= Instructions to follow =
The required output is the lines from the one with "ミニクーパーパーキングオンリ" through the end of the data, repeated verbatim, with no pictures included.

= Source records =
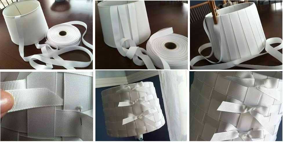 В данном варианте ленты могут быть одинаковыми, могут – одного цвета, но разной фактуры, могут – отличаться на пару тонов или быть контрастными. По кругу ленты можно пускать сплошняком, а можно – через некоторое расстояние. Если найти широкую ленту и накладывать ее с нахлестом, тогда вообще не понадобятся горизонтальные. А если использовать плетеный или крученый шнур (на нижнем фото справа), получим совсем другой по виду абажур. Так что только эта техника отделки абажура дает очень много вариантов.
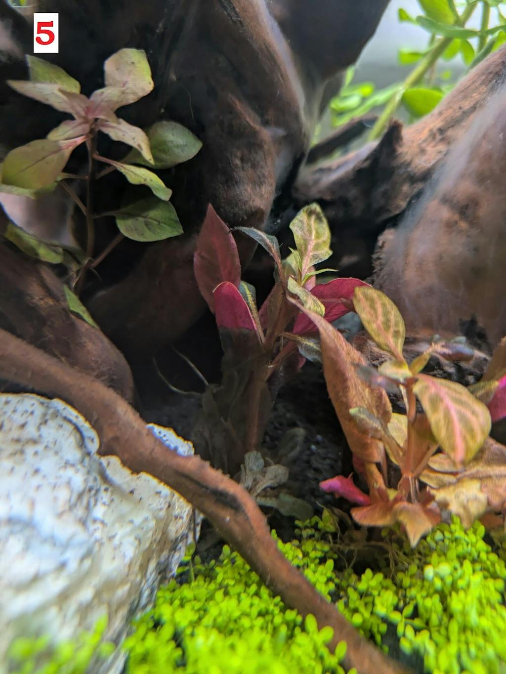 Under high light and CO₂, this plant displays its most intense hues and maintains a low, bushy form—perfect for creating vibrant patches of color or framing hardscape elements in nature-style aquascapes.
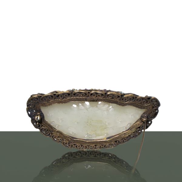 Chinese brooch in silver and white jade pierced entirely by hand
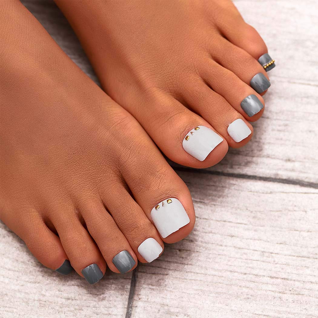 Amazon Com Campsis 24pcs Glossy Fake Toenails Grey Sparkly Short Full Cover Fake Nail Acrylic Fashion Simple Fake Toe Nails Art Tips For Women And Girls Beauty
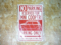 ミニクーパーパーキングオンリーのスチール製サインプレートです。サイズは約31x46cmです。
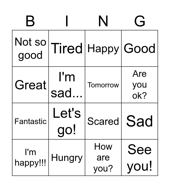 This bingo card has 16 words: Hungry, Sad, Happy, Not so good, Fantastic, Tired, Scared, How are you?, Great, I'm sad..., I'm happy!!!, Good, Let's go!, Are you ok?, Tomorrow and See you!.
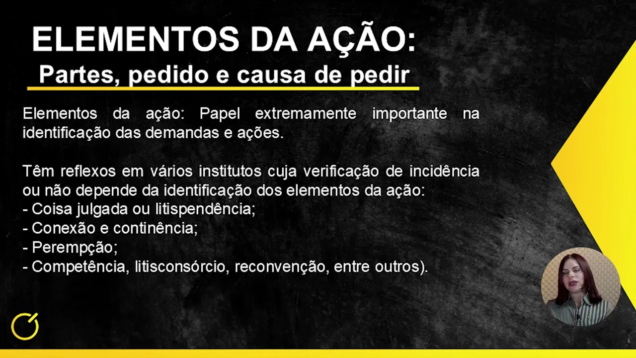 Então, eles têm reflexos em vários institutos que vão verificar, por exemplo, a incidência ou não de coisa julgada, lide pendente. A lide pendente é quando já existe outra lide pendente de julgamento que tem as mesmas partes, a mesma causa de pedir e o mesmo pedido. Inclusive, no penal, existem situações em que se verifica a polícia: o delegado de polícia pediu a prisão ou a busca e apreensão em relação a um suspeito que ele está investigando por, por exemplo, lavagem de dinheiro.

= Answer to this exercise =
 ミニクーパーパーキングオンリーのスチール製サインプレートです。サイズは約31x46cmです。
 This bingo card has 16 words: Hungry, Sad, Happy, Not so good, Fantastic, Tired, Scared, How are you?, Great, I'm sad..., I'm happy!!!, Good, Let's go!, Are you ok?, Tomorrow and See you!.
 Então, eles têm reflexos em vários institutos que vão verificar, por exemplo, a incidência ou não de coisa julgada, lide pendente. A lide pendente é quando já existe outra lide pendente de julgamento que tem as mesmas partes, a mesma causa de pedir e o mesmo pedido. Inclusive, no penal, existem situações em que se verifica a polícia: o delegado de polícia pediu a prisão ou a busca e apreensão em relação a um suspeito que ele está investigando por, por exemplo, lavagem de dinheiro.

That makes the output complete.